(Records drawn from a dataset)
* * * * * * * * *
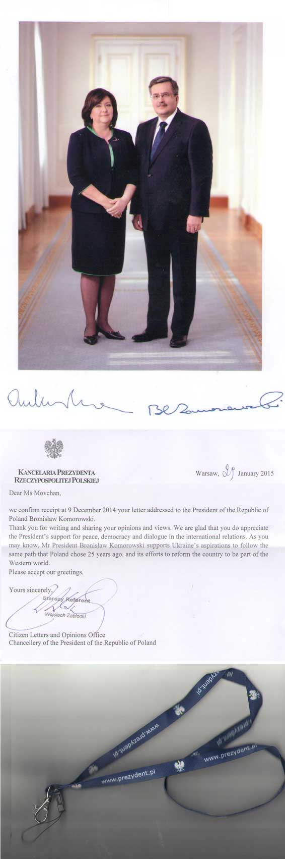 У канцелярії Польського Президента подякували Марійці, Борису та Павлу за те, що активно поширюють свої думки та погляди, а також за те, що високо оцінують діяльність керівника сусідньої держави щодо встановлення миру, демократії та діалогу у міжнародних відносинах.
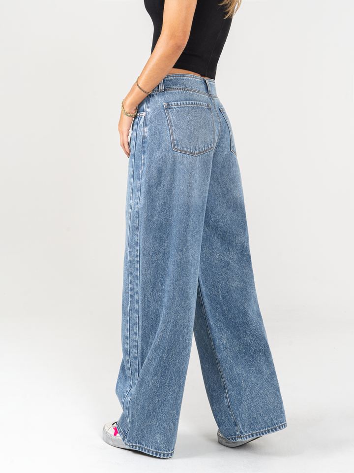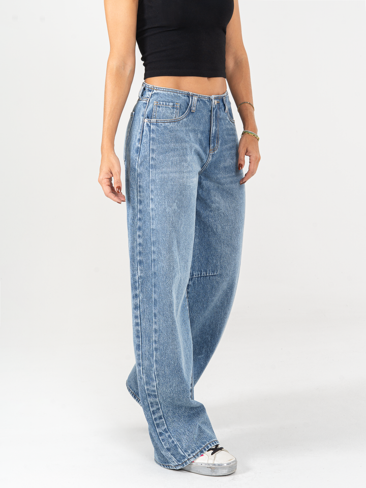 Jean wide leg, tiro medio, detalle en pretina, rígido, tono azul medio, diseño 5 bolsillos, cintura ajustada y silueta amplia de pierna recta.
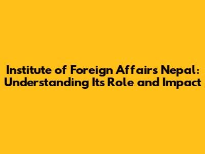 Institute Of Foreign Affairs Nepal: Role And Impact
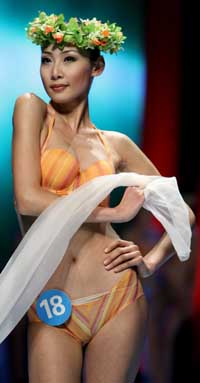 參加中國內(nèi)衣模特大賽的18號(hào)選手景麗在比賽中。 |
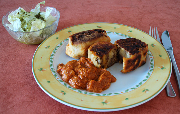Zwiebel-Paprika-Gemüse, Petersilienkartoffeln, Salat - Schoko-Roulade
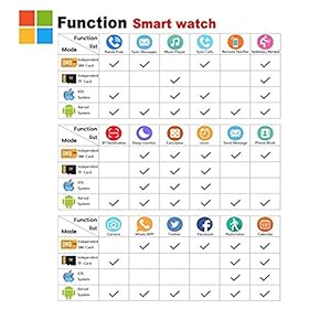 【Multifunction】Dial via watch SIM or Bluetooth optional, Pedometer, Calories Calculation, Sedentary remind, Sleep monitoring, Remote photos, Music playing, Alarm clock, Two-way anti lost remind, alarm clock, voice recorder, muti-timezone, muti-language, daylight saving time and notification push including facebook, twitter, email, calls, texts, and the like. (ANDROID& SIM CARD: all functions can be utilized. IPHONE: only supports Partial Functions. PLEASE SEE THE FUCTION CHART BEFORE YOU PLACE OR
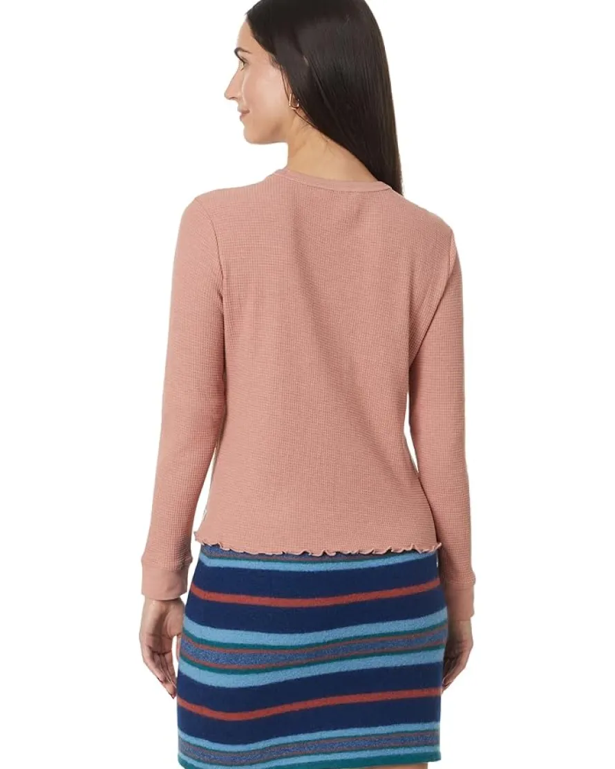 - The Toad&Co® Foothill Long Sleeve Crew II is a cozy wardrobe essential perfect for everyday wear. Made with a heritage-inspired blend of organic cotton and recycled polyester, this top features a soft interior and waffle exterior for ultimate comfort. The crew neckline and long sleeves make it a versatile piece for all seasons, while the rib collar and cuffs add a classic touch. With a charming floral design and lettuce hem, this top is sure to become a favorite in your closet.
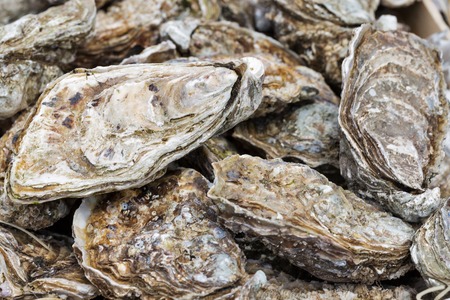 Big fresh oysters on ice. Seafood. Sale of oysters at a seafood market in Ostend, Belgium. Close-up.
* * * * * * * * *
Only the lines from the one containing "YOU PLACE OR" through the last line of the entries above, both included, belong in the answer, written out exactly; pictures do not.

 【Multifunction】Dial via watch SIM or Bluetooth optional, Pedometer, Calories Calculation, Sedentary remind, Sleep monitoring, Remote photos, Music playing, Alarm clock, Two-way anti lost remind, alarm clock, voice recorder, muti-timezone, muti-language, daylight saving time and notification push including facebook, twitter, email, calls, texts, and the like. (ANDROID& SIM CARD: all functions can be utilized. IPHONE: only supports Partial Functions. PLEASE SEE THE FUCTION CHART BEFORE YOU PLACE OR
 - The Toad&Co® Foothill Long Sleeve Crew II is a cozy wardrobe essential perfect for everyday wear. Made with a heritage-inspired blend of organic cotton and recycled polyester, this top features a soft interior and waffle exterior for ultimate comfort. The crew neckline and long sleeves make it a versatile piece for all seasons, while the rib collar and cuffs add a classic touch. With a charming floral design and lettuce hem, this top is sure to become a favorite in your closet.
 Big fresh oysters on ice. Seafood. Sale of oysters at a seafood market in Ostend, Belgium. Close-up.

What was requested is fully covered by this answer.